Usefull differ function with Levenshtein distance.
Project description
Python C Extention 2 Sequence Compare
Usefull differ function with Levenshtein distance.
How to Install?
pip install cdiffer
Requirement
- python3.6 or later
- python2.7
cdiffer.dist
Compute absolute Levenshtein distance of two strings.
Usage
dist(sequence, sequence)
Examples (it's hard to spell Levenshtein correctly):
>>> from cdiffer import dist
>>>
>>> dist('coffee', 'cafe')
3
>>> dist(list('coffee'), list('cafe'))
3
>>> dist(tuple('coffee'), tuple('cafe'))
3
>>> dist(iter('coffee'), iter('cafe'))
3
>>> dist(range(4), range(5))
1
>>> dist('coffee', 'xxxxxx')
6
>>> dist('coffee', 'coffee')
0
cdiffer.similar
Compute similarity of two strings.
Usage
similar(sequence, sequence)
The similarity is a number between 0 and 1, it's usually equal or somewhat higher than difflib.SequenceMatcher.ratio(), because it's based on real minimal edit distance.
Examples
>>> from cdiffer import similar
>>>
>>> similar('coffee', 'cafe')
0.6
>>> similar('hoge', 'bar')
0.0
cdiffer.differ
Find sequence of edit operations transforming one string to another.
Usage
differ(source_sequence, destination_sequence, diffonly=False)
Examples
>>> from cdiffer import differ
>>>
>>> for x in differ('coffee', 'cafe'):
... print(x)
...
['equal', 0, 0, 'c', 'c']
['replace', 1, 1, 'o', 'a']
['equal', 2, 2, 'f', 'f']
['delete', 3, None,'f',None]
['delete', 4, None,'e',None]
['equal', 5, 3, 'e', 'e']
>>> for x in differ('coffee', 'cafe', diffonly=True):
... print(x)
...
['replace', 1, 1, 'o', 'a']
['delete', 3, None,'f',None]
['delete', 4, None,'e',None]
Performance
C:\Windows\system>ipython
Python 3.7.7 (tags/v3.7.7:d7c567b08f, Mar 10 2020, 10:41:24) [MSC v.1900 64 bit (AMD64)]

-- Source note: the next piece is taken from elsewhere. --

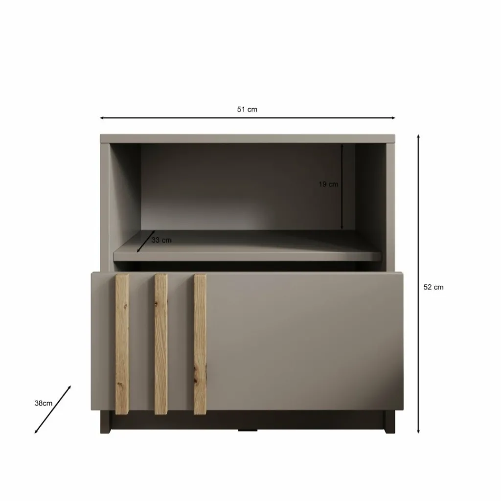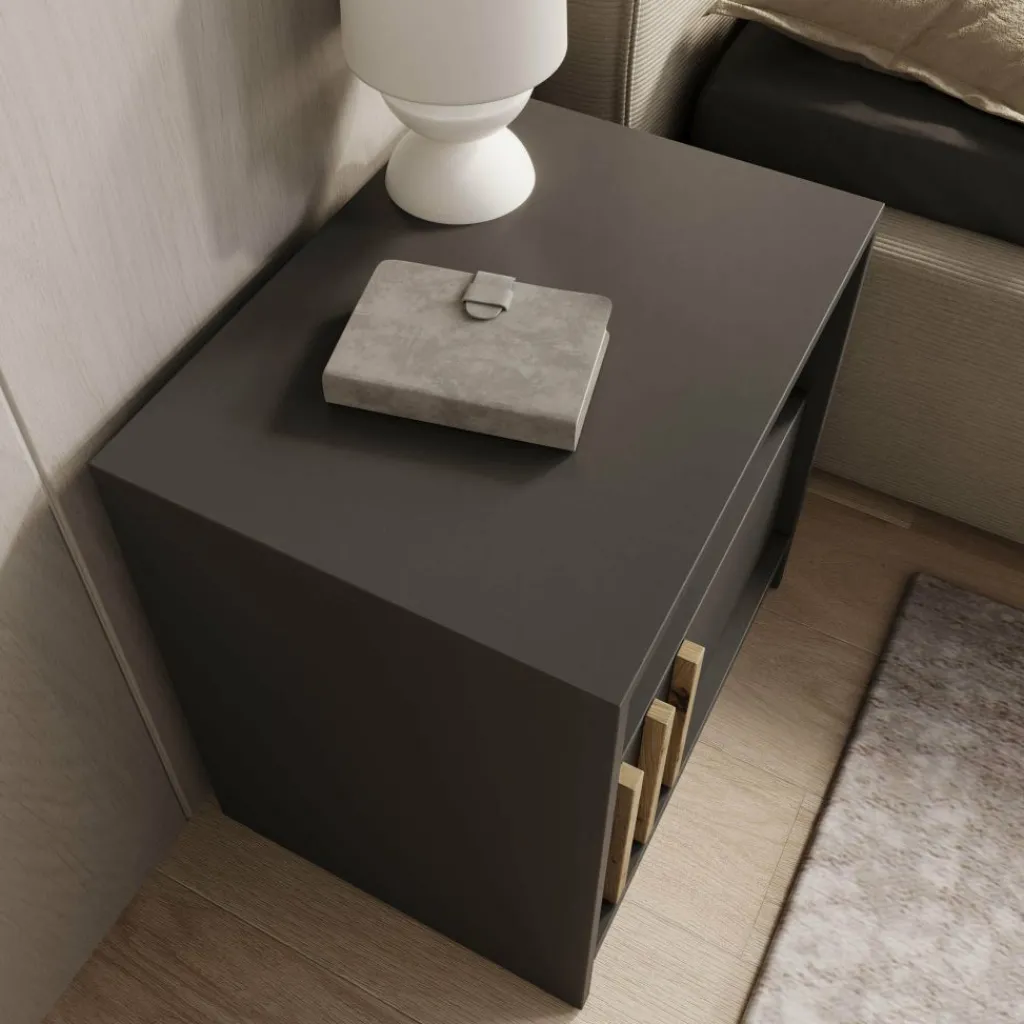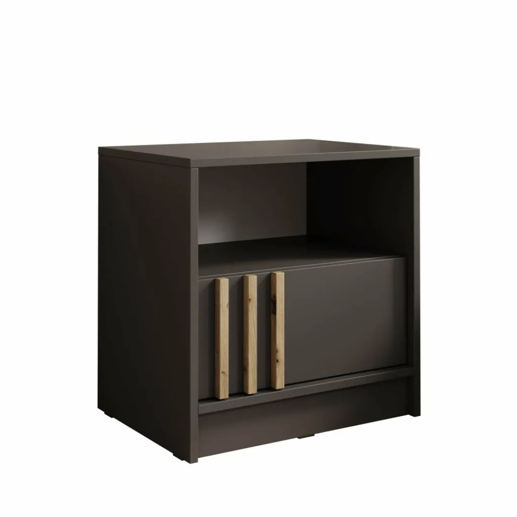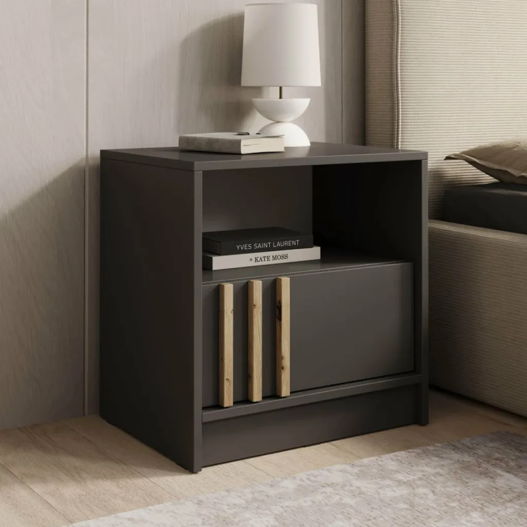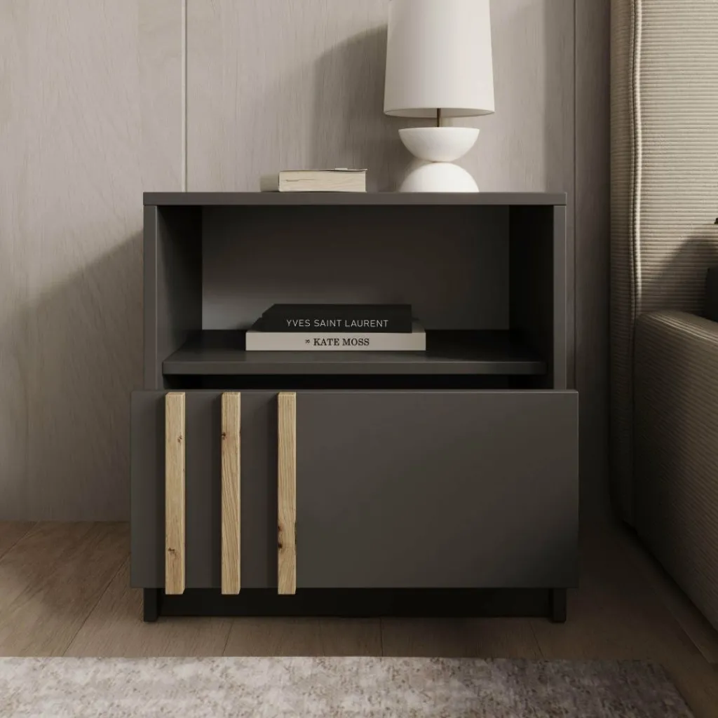 Het Nauru nachtkastje in antraciet combineert praktisch gebruiksgemak met een stijlvolle, moderne uitstraling. De donkere kleur geeft het meubel een strakke en elegante look, terwijl de verticale handgrepen in houtkleur zorgen voor een warm en speels contrast. Het open vak biedt ruimte voor boeken, accessoires of een nachtlampje, en achter de deur kun je eenvoudig al je kleinere spullen opbergen. Dankzij het compacte formaat is dit kastje ideaal naast ieder bed en past het moeiteloos in diverse slaapkamerstijlen, van modern tot industrieel.

Type 'copyright', 'credits' or 'license' for more information
IPython 7.21.0 -- An enhanced Interactive Python. Type '?' for help.

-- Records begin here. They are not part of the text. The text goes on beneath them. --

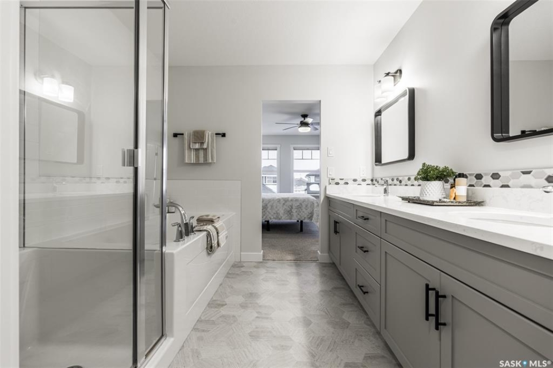 Welcome to 343 Stilling Manor in Saskatoon's Rosewood neighbourhood. Buyers, this home is exactly what you need! Built in late 2021 it's practically brand new with the addition of the yard, fence, blinds, and appliances all completed. With 2000+ square feet of living space this two storey home is a great buy. The front entry way is spacious and has an built in bench beside the large entrance closet. The main floor living room dining room and kitchen are open concept and all overlook the west facing backyard. The kitchen has quartz countertops, high end stainless steel appliances, and a large pantry for storage. The fridge has 4 sections that can be changed from fridge to freezer, depending on your family's needs. On the main you'll also find a powder room with a large vanity, and access to the insulated double attached garage. This second floor will surely impress! The large primary bedroom easily fits a king sized bed, there's big east facing windows with Hunter Douglas blinds, and 2 walk in closets. The ensuite has a long vanity with drawers & doors to store your necessities, there's a separate tub and a tiled shower with seating. The water closet is separated at the end of the ensuite for privacy. A very thoughtful design that makes it feel like a custom built home. Also on the second floor are 2 more bedrooms for kids or guests, a 4 piece bathroom for everyone to use, and a bright bonus room for family activities. Having laundry on the second floor is always lovely but when it is this spacious it feels like less of a chore! The basement is open for development but it has been insulated and has the electrical all done. In warmer months you enjoy really enjoy this fully developed backyard. Fully fenced, with a deck to enjoy the sun while you BBQ, garden beds and lovely green grass. It may seem years away but summers back here are going to be glorious! This house is located near parks and all the amenities that Meadows Market has to offer.
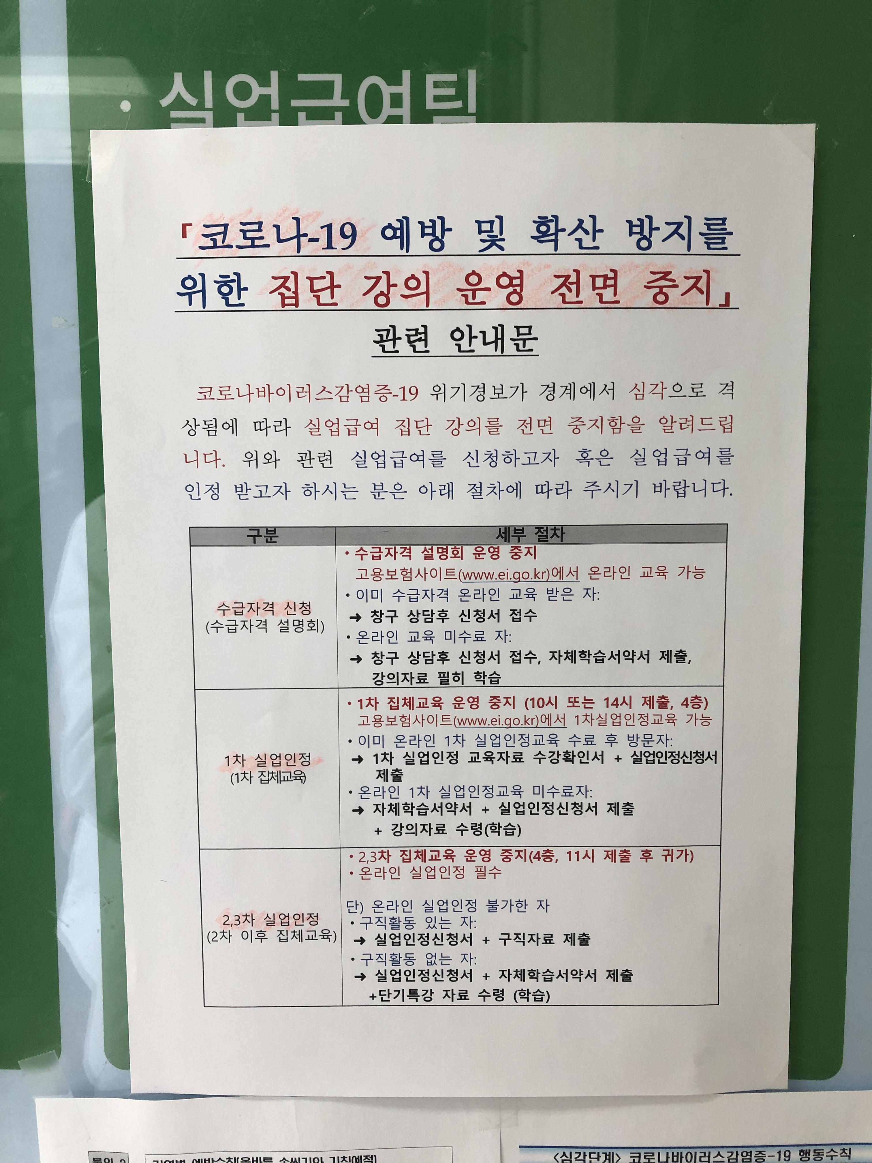 제가 방문한 수원 고용복지 플러스센터에 도착하니 사진처럼 집단 강의 전면 중지 안내가 있습니다. 코로나 19 확산을 예방하기 위해서 오프라인 수업은 대부분 중단된 듯합니다. 대신 인터넷으로 대체가 가능하니 재취업 활동에 더 집중할수 있겠습니다.
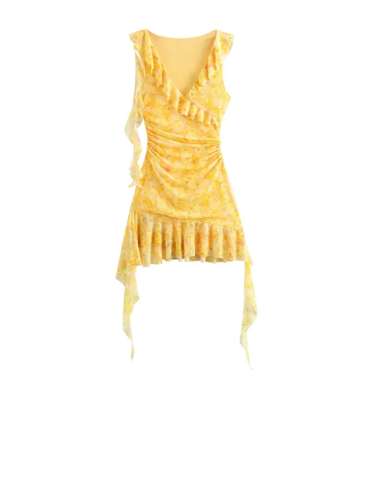 Yellow Ruffle Pleated Mini Dress Sleeveless Backless Holiday Party Wear

In [1]: from cdiffer import *
In [2]: %timeit dist('coffee', 'cafe')
...: %timeit dist(list('coffee'), list('cafe'))
...: %timeit dist(tuple('coffee'), tuple('cafe'))
...: %timeit dist(iter('coffee'), iter('cafe'))
...: %timeit dist(range(4), range(5))
...: %timeit dist('coffee', 'xxxxxx')
...: %timeit dist('coffee', 'coffee')
...:
173 ns ± 0.206 ns per loop (mean ± std. dev. of 7 runs, 10000000 loops each)
741 ns ± 2.4 ns per loop (mean ± std. dev. of 7 runs, 1000000 loops each)
702 ns ± 2.15 ns per loop (mean ± std. dev. of 7 runs, 1000000 loops each)
706 ns ± 7.79 ns per loop (mean ± std. dev. of 7 runs, 1000000 loops each)
882 ns ± 7.51 ns per loop (mean ± std. dev. of 7 runs, 1000000 loops each)
210 ns ± 0.335 ns per loop (mean ± std. dev. of 7 runs, 1000000 loops each)
51.8 ns ± 1.18 ns per loop (mean ± std. dev. of 7 runs, 10000000 loops each)
In [3]: %timeit similar('coffee', 'cafe')
...: %timeit similar(list('coffee'), list('cafe'))
...: %timeit similar(tuple('coffee'), tuple('cafe'))
...: %timeit similar(iter('coffee'), iter('cafe'))
...: %timeit similar(range(4), range(5))
...: %timeit similar('coffee', 'xxxxxx')
...: %timeit similar('coffee', 'coffee')
...:
186 ns ± 0.476 ns per loop (mean ± std. dev. of 7 runs, 10000000 loops each)
718 ns ± 0.878 ns per loop (mean ± std. dev. of 7 runs, 1000000 loops each)
691 ns ± 1.42 ns per loop (mean ± std. dev. of 7 runs, 1000000 loops each)
706 ns ± 2.01 ns per loop (mean ± std. dev. of 7 runs, 1000000 loops each)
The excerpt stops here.